Consumed for both pleasure and health, the rich and frothy beverage known as posset dates back to the late Middle Ages, and shares many of the same qualities with sweet, thick drinks such as the syllabub and holiday eggnog. A popular after-dinner libation and sleep aid, posset was believed to cure all manner of ailments, including head colds, indigestion, and weakened stamina (the alcohol content may have had something to do with the last one). Due to its reputation as an aphrodisiac, some couples received posset on their wedding night.
Although varying posset recipes abound, the most common formula called for milk or heavy cream, sugar, spices such as cinnamon and nutmeg, and a significant quantity of sack, a sweet fortified wine. The milk or cream would be brought to a boil, curdled with alcohol, then served hot, often out of a specially made posset set. Using a teapot-like ceramic vessel, one would pour out and drink the liquid from the bottom, then eat the curds off the top.
Some of the most famous early recipes for posset were featured in the 1669 cookbook The Closet of Sir Kenelm Digby Knight Opened. One of the book’s recipes calls for the addition of “eighteen yolks of Eggs, and eight of the whites,” along with “three grains of Ambergreece [ambergris] and one grain of Musk.” Other posset variations throughout the 17th and 18th centuries featured orange, lemon, almonds, breadcrumbs for thickening, or even pepper to induce fever sweats. By the 19th century, however, posset had evolved into a chilled dessert custard, which is the form most modern versions take.
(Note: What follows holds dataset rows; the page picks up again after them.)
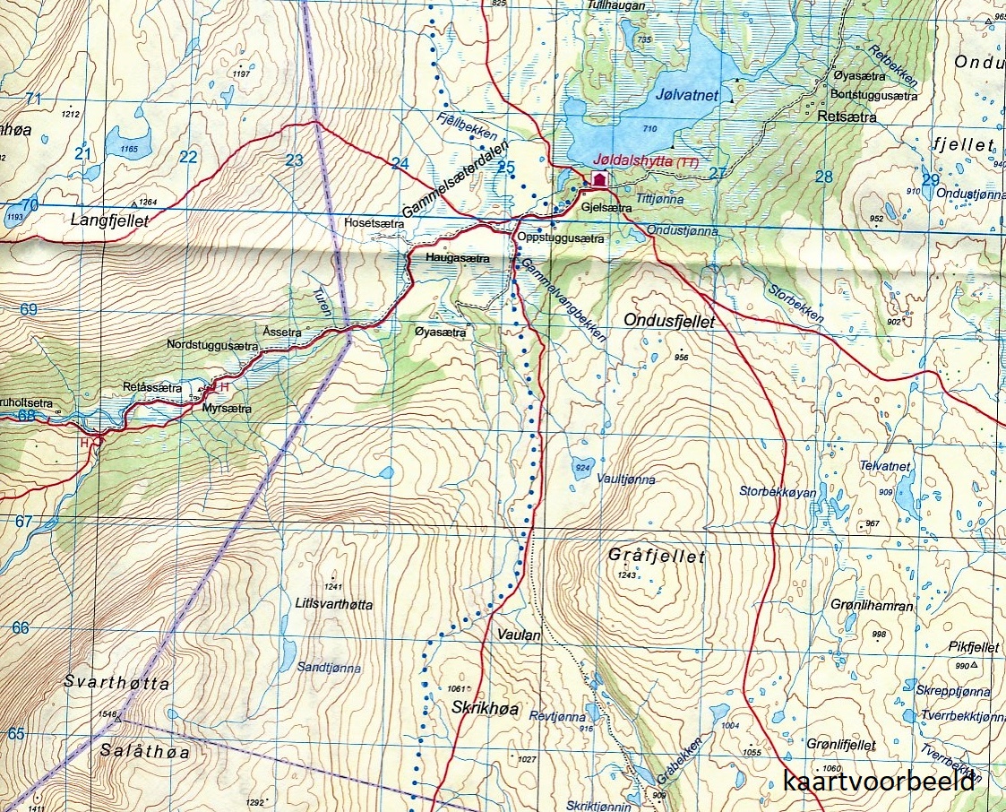 Perfecte wandelkaart voor dit stukje Noorwegen, bevat alle noodzakelijke info: bemande en onbemande hutten, campings, rivier-oversteken, wandelroutes en vaak ook ski- en langlaufroutes; daarnaast natuurlijk de topografische details als hoogtelijnen, grondgebruik, bebouwing, wegen en paden. Met UTM grid. De legenda is in het Noors en Engels, verdere informatie op de achterzijde van de kaart is in het Noors. Gedrukt op superlicht en ijzersterk materiaal.
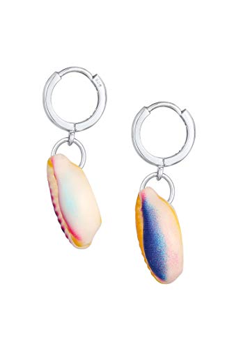 Elli Orecchini Creoli di Bambini Conchiglia Kauri Arcobaleno in Argento Sterling 925
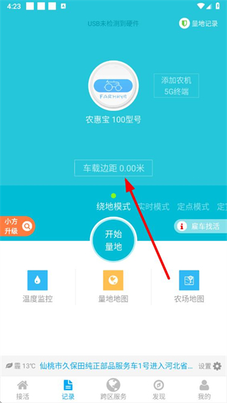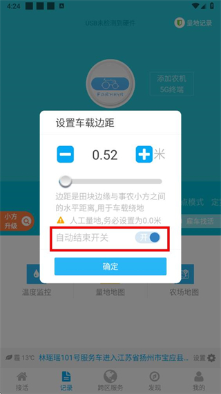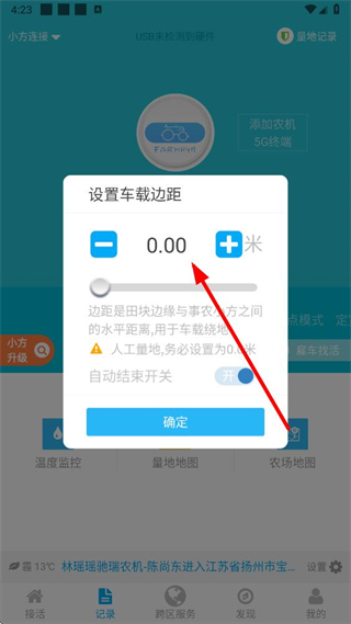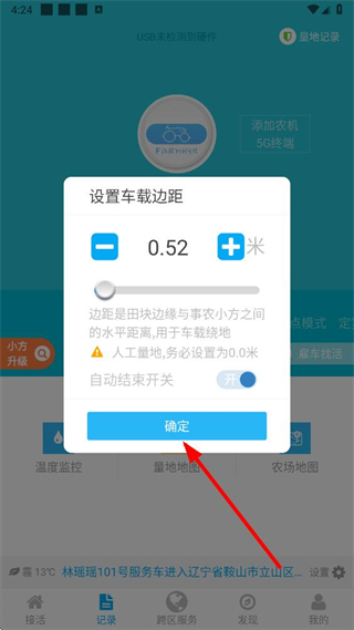 1、在事農(nóng)小方app記錄頁面點(diǎn)擊車載邊距區(qū)域,彈出設(shè)置車載邊距窗口。
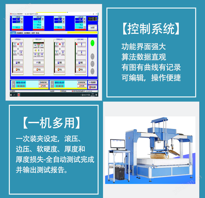 由于记忆棉的特性,对其进行滚压疲劳测试的设备,除需满足通用标准外,还应在测试条件控制和数据监测方面具备相应的能力。
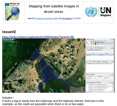 It lacks a tag to clarify how the waterway and the highway interact. ford=yes in this example, as the roads are passable when there is no or low water. | |
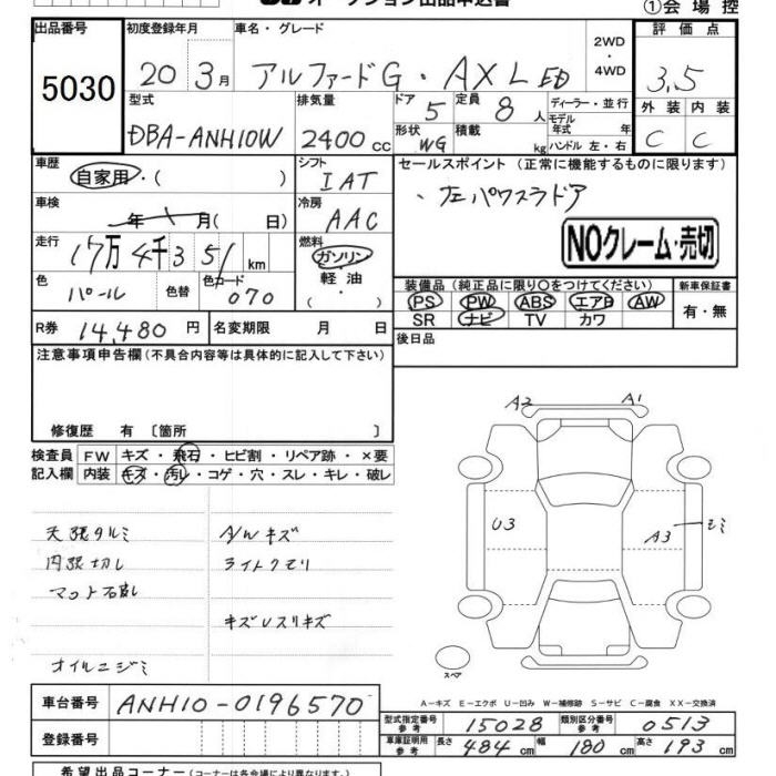 TOYOTA ALPHARD G - лот 5030

The benefits of posset are touted in several of William Shakespeare’s plays, with favorable mentions made in Hamlet and The Merry Wives of Windsor. More infamously, in Macbeth, Lady Macbeth drugs the possets of the guards in preparation for King Duncan’s murder.
Traditional, homemade posset is still enjoyed today, with a wide range of recipes available online and in historical cookbooks.